De novo–assembled transcripts that passed the above filters were classified as missing from the genome assembly and compared with different sets of genomic sequences to ascertain their presence in other genotypes. For PN40024, we obtained both the set of Sanger sequences used for the current version of the genome (downloaded from ftp://ftp-private.ncbi.nlm.nih.gov/pub/TraceDB/vitis_vinifera/) and two different sets of Illumina genomic reads (downloaded from http://urgi.versailles.inra.fr/galaxy/u/nchoisne/h/pn40024-public-data). For Pinot Noir ENTAV115, we downloaded the final assembled sequences from GenBank (accession numbers AM423240 to AM489403; Velasco et al., 2007). PN40024 Sanger reads were aligned with BLAT v34x12 against the transcripts to find matches >100 bp with no gaps and sequence coverage ≥80% (Kent, 2002), whereas the other sets of sequences were aligned with BWA using default parameters. A histogram of the sequence coverage at each position was computed with genomeCoverageBed (Quinlan and Hall, 2010). Transcripts covered (≥80%) by PN40024 genomic reads were classified as novel (shared with Pinot Noir but not previously annotated), whereas the remainder were classified as varietal.
The novel and varietal transcripts were clustered based on similarity to sequences present in NR, VvGI, and the Tannat genome. A multiple alignment was performed for each cluster using mafft v6.864b (Katoh and Toh, 2008) and manually checked for consistency. Final clusters were considered to be genes. The gene space for genes missing from the assembled genome was assessed as described above.
Functional Annotation of Genes
Genes were functionally annotated by integrating the V1 manual annotation (Grimplet et al., 2012) and automatic annotations performed with Blast2GO (Conesa et al., 2005). Novel and varietal genes without assigned Enzyme Commission numbers were manually classified by BLAST using known polyphenol-related genes as reference sequences and discarding hits with an E-value >1*10−10.
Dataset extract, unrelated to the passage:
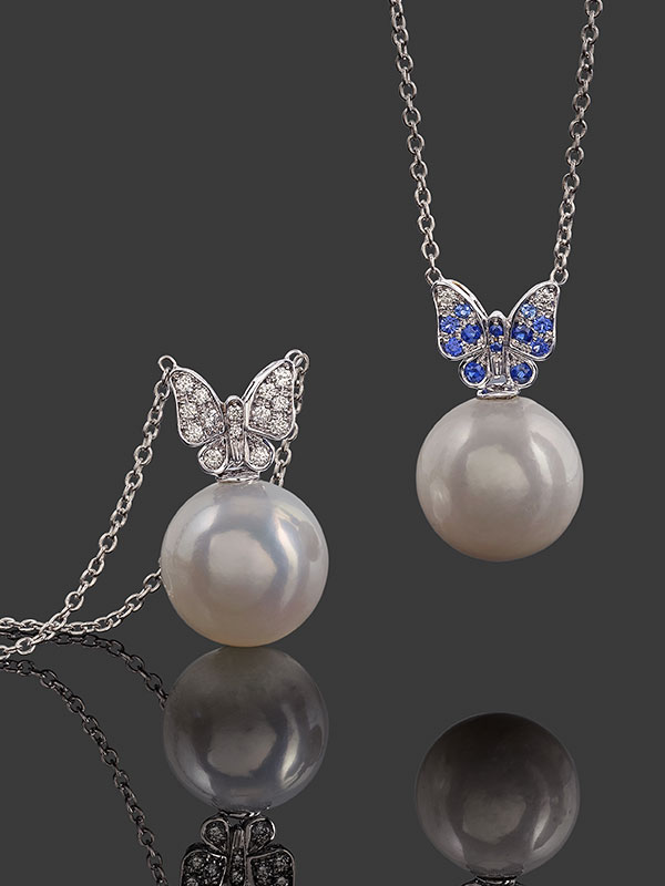 Simpatici girocolli in oro bianco 18 Kt con perle fresh water e farfalle con zaffiri e diamanti taglio brillante.

Expression of Polyphenol Pathway Genes
RNA-Seq reads were aligned against the Tannat genome and gene sequences with BWA using default parameters. We counted the mapping reads and calculated FPKM expression values for known, novel, and varietal genes using the R package DESeq with default parameters (Anders and Huber, 2010) to assess which genes were differentially expressed among the developmental stages and tissues under analysis (false discovery rate < 5%, |Log2FC| > 1).
Accession Numbers
Genomic sequence data from this article can be found in the NCBI Sequence Read Archive under accession numbers SRR863595 and SRR863618. Transcriptome sequence data from this article can be found in the NCBI Sequence Read Archive under accession numbers SRR866531, SRR866540, SRR866544, SRR866568, SRR866569, SRR866570, SRR866571, SRR866572, SRR866574, SRR866575, and SRR866576. Transcriptome shotgun assembly data from this article can be found in the NCBI Transcriptome Shotgun Assembly database under accession number GAKH00000000. Variation data are downloadable as IMR/DENOM sdi files from http://ddlab.sci.univr.it/files/Tannat/corvina.sdi and http://ddlab.sci.univr.it/files/Tannat/tannat.sdi. Annotations of known and novel genes can be downloaded from http://ddlab.sci.univr.it/files/Tannat/annotation.gtf. Mappings between varietal gene IDs and transcripts accession numbers can be downloaded from http://ddlab.sci.univr.it/files/Tannat/putative_transcripts2genes.
Supplemental Data
The following materials are available in the online version of this article.
Supplemental Figure 1. Number of Variants Identified at Each Iterative Mapping Step with IMR.
Supplemental Figure 2. Genes Affected by Potentially Disruptive Mutations.
Supplemental Figure 3. CEGMA Analysis of Tannat Genes.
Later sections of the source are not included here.